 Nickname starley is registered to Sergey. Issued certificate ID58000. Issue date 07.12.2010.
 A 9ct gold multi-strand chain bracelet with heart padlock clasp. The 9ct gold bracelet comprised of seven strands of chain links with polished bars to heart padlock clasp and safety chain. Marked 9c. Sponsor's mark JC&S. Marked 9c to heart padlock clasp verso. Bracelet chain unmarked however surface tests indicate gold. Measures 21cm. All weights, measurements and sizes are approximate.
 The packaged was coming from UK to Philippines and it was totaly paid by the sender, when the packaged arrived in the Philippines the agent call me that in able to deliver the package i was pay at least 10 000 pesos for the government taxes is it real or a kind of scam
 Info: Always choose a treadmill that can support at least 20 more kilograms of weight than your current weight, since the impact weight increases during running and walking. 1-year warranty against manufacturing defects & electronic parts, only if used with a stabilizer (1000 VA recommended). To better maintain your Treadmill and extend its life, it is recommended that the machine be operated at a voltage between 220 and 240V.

○ ○ ○ ○ ○ ○ ○

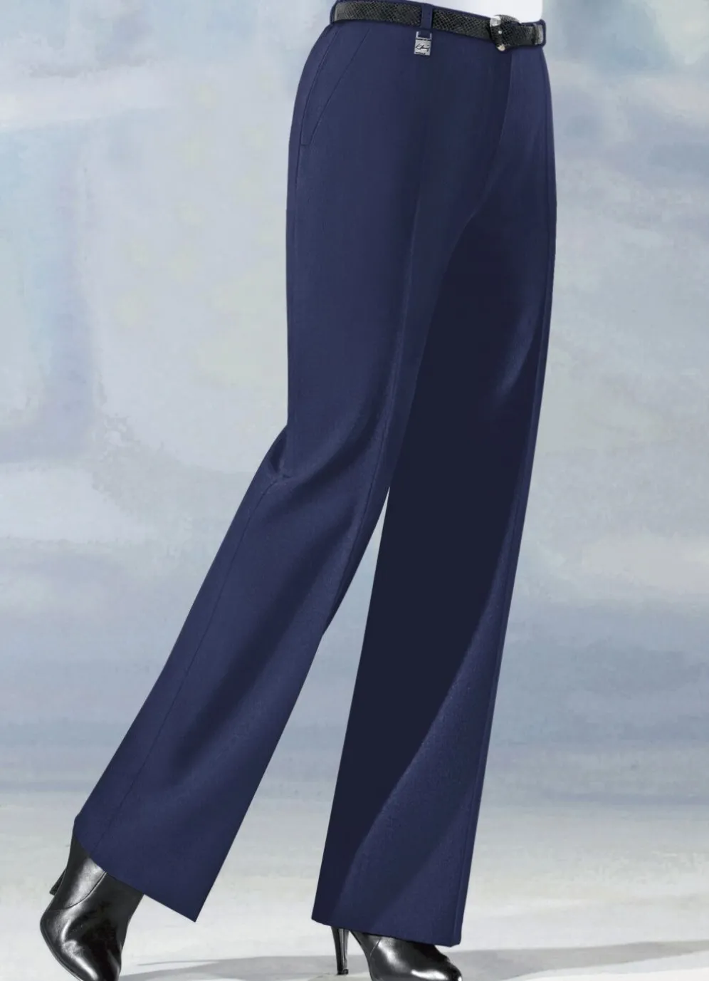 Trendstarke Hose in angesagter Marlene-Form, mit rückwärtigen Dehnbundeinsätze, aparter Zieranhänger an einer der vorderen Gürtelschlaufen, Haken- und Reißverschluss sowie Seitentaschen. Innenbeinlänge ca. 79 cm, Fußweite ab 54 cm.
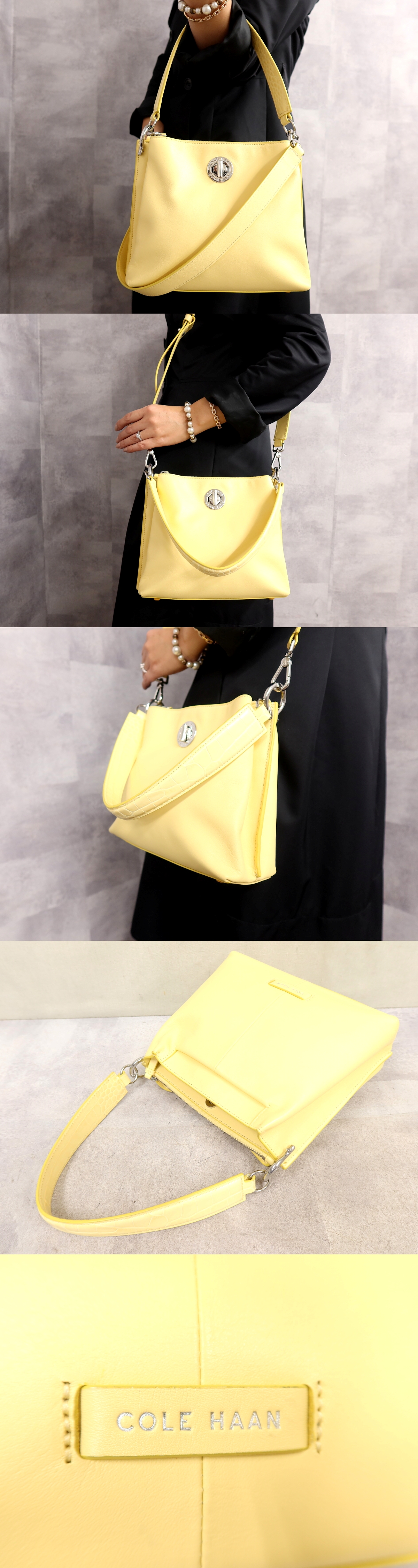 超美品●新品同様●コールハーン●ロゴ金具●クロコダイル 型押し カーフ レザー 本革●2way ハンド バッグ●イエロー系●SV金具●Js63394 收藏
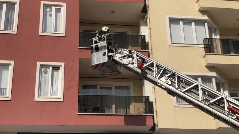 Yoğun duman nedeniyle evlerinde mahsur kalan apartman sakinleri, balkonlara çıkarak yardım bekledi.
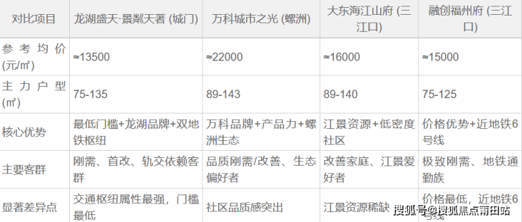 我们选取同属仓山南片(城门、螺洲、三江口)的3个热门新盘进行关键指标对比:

○ ○ ○ ○ ○ ○ ○

Activity = Copy exactly the stretch of data above from the line with "The packaged was" through the line with "Info: Always choose", and omit all other lines.

Completed exercise =
 The packaged was coming from UK to Philippines and it was totaly paid by the sender, when the packaged arrived in the Philippines the agent call me that in able to deliver the package i was pay at least 10 000 pesos for the government taxes is it real or a kind of scam
 Info: Always choose a treadmill that can support at least 20 more kilograms of weight than your current weight, since the impact weight increases during running and walking. 1-year warranty against manufacturing defects & electronic parts, only if used with a stabilizer (1000 VA recommended). To better maintain your Treadmill and extend its life, it is recommended that the machine be operated at a voltage between 220 and 240V.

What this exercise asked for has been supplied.